■ What the task requires:
In the records below, find the line with "Sale V Neck" and repeat it and every line after it, exactly, without any pictures.

[Records excerpted from a collection]

▼▼▼

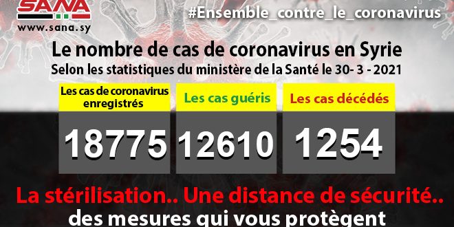 Dans un communiqué, dont une copie est parvenue à SANA, le ministère a fait savoir que le nombre des cas de coronavirus enregistrés jusqu’à présent en Syrie avait atteint 18775, dont 12610 cas de guérison et 1254 décès.
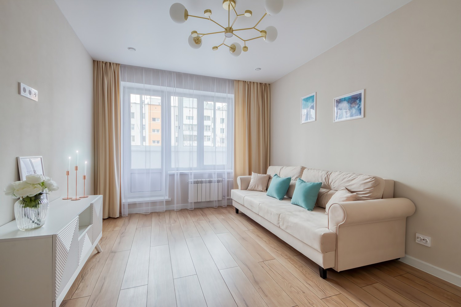 - вторая комната в бежевых нейтральных тонах может быть трансформирована в детскую, гостиную, кабинет или комнату по вашему назначению, а раскладной диван обеспечит полноценное спальное место.
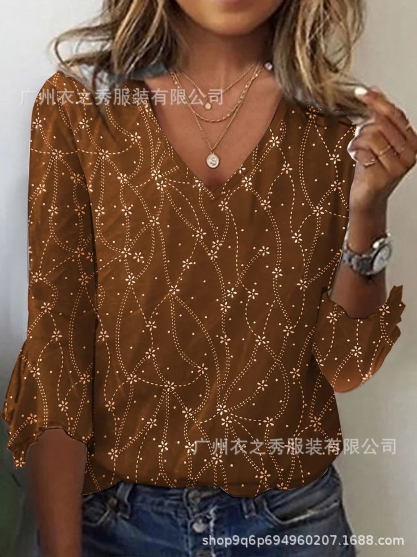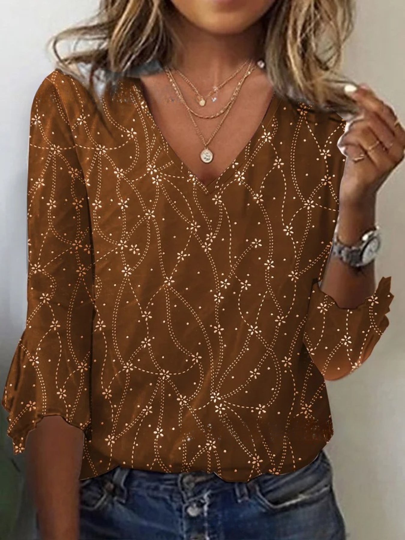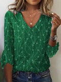 Sale V Neck Long Sleeve Geometric Regular Micro-Elasticity Regular Fit Blouse
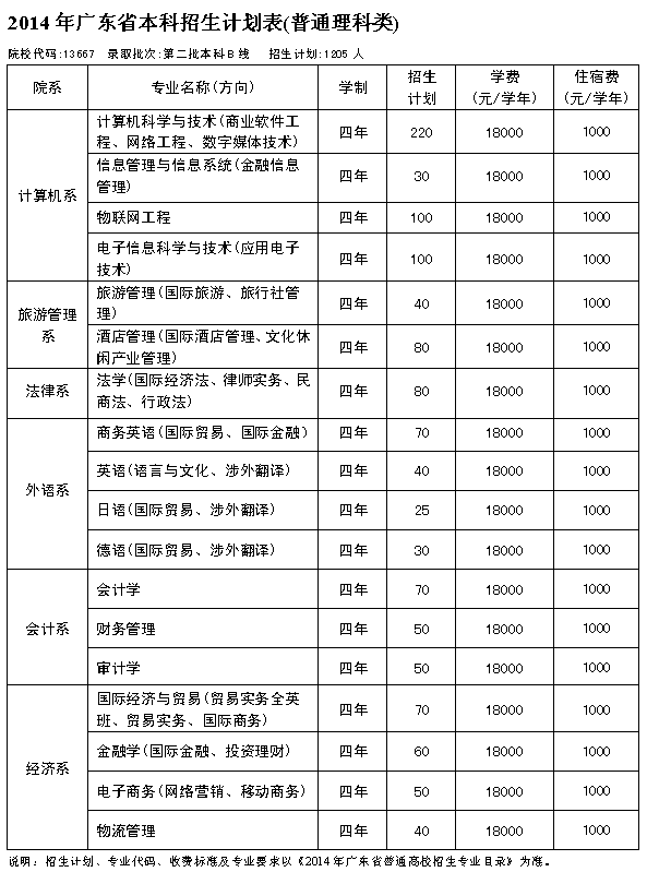 2014年广州商学院广东省招生计划
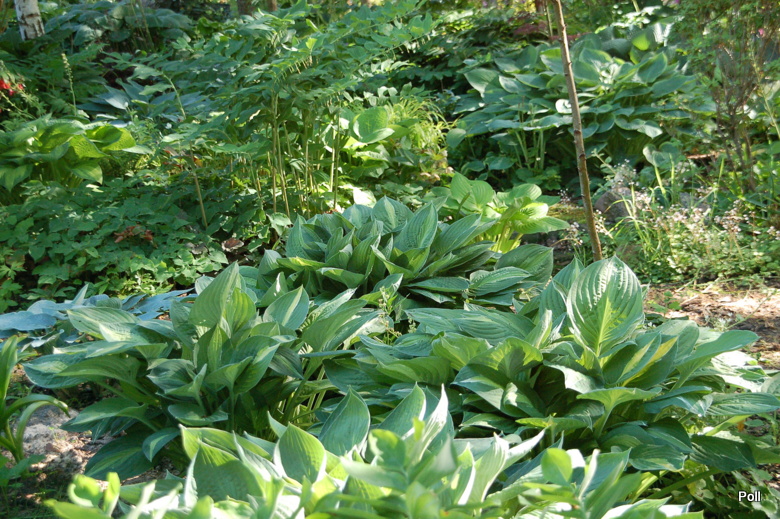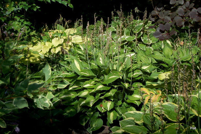 Miejsce, gdzie rosną jest obecnie trochę zbyt słoneczne w południe, ale Striptease to żelazne hosty. Nie kapryszą i pięknie rosną.
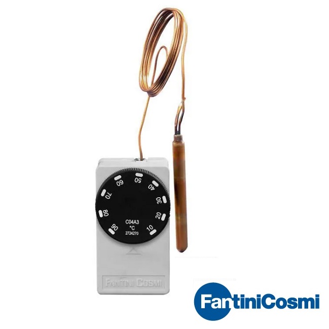 Công tắc nhiệt độ dạng dây C04A3 của Hãng FANTINI COSMI - ITALY hay còn gọi là công tắc báo quá nhiệt độ dạng dây, công tắc quá nhiệt dạng mao dẫn là sự kết hợp của bộ tiếp điểm đóng ngắt dạng relay với một đầu dò nhiệt độ. Công tắc nhiệt độ dạng dây cho phép giám sát nhiệt độ đến ngưỡng cài đặt, sau đó sẽ tác động relay đóng hoặc ngắt một thiết bị ngoại vi trên hệ thống như quạt hút, quạt thổi hoặc điều hòa không khí. Công tắc hoạt động hoàn toàn tự động theo ngưỡng cài đặt trước.
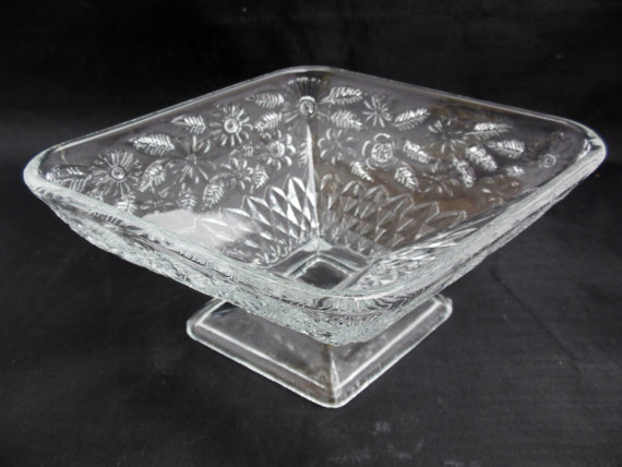 I just love vintage candy dishes. The beautiful designs. The cut glass, the etched glass. I use some for candy but some just to set around. My favorite two are on my coffee table. I bought this one for the unique diamond shape.
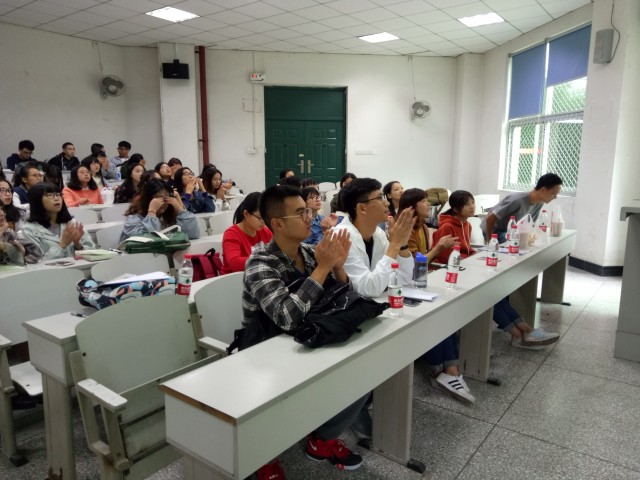 第二位向大家分享学习经验的是2015级英语专业的杨露,她推荐大家多参加一些各类有价值的英语竞赛,如外研社英语写作大赛,通译杯等,通过比赛丰富自己的阅历,审视自身。还比较分析了公外学生与我们专业学生的优劣势,建议大家多涉猎其他专业知识,不要局限在某一特殊领域。最后,杨露同学也讲述了自己关于考研选择的一些看法,同学们收益颇丰。
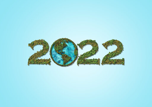 Happy New Year 2022 Concept. 3D Forest or tree shape isolated on 2022  lettering typography. World Environment and Earth Day Concept.

▲▲▲

■ Result of this exercise:
 Sale V Neck Long Sleeve Geometric Regular Micro-Elasticity Regular Fit Blouse
 2014年广州商学院广东省招生计划
 Miejsce, gdzie rosną jest obecnie trochę zbyt słoneczne w południe, ale Striptease to żelazne hosty. Nie kapryszą i pięknie rosną.
 Công tắc nhiệt độ dạng dây C04A3 của Hãng FANTINI COSMI - ITALY hay còn gọi là công tắc báo quá nhiệt độ dạng dây, công tắc quá nhiệt dạng mao dẫn là sự kết hợp của bộ tiếp điểm đóng ngắt dạng relay với một đầu dò nhiệt độ. Công tắc nhiệt độ dạng dây cho phép giám sát nhiệt độ đến ngưỡng cài đặt, sau đó sẽ tác động relay đóng hoặc ngắt một thiết bị ngoại vi trên hệ thống như quạt hút, quạt thổi hoặc điều hòa không khí. Công tắc hoạt động hoàn toàn tự động theo ngưỡng cài đặt trước.
 I just love vintage candy dishes. The beautiful designs. The cut glass, the etched glass. I use some for candy but some just to set around. My favorite two are on my coffee table. I bought this one for the unique diamond shape.
 第二位向大家分享学习经验的是2015级英语专业的杨露,她推荐大家多参加一些各类有价值的英语竞赛,如外研社英语写作大赛,通译杯等,通过比赛丰富自己的阅历,审视自身。还比较分析了公外学生与我们专业学生的优劣势,建议大家多涉猎其他专业知识,不要局限在某一特殊领域。最后,杨露同学也讲述了自己关于考研选择的一些看法,同学们收益颇丰。
 Happy New Year 2022 Concept. 3D Forest or tree shape isolated on 2022  lettering typography. World Environment and Earth Day Concept.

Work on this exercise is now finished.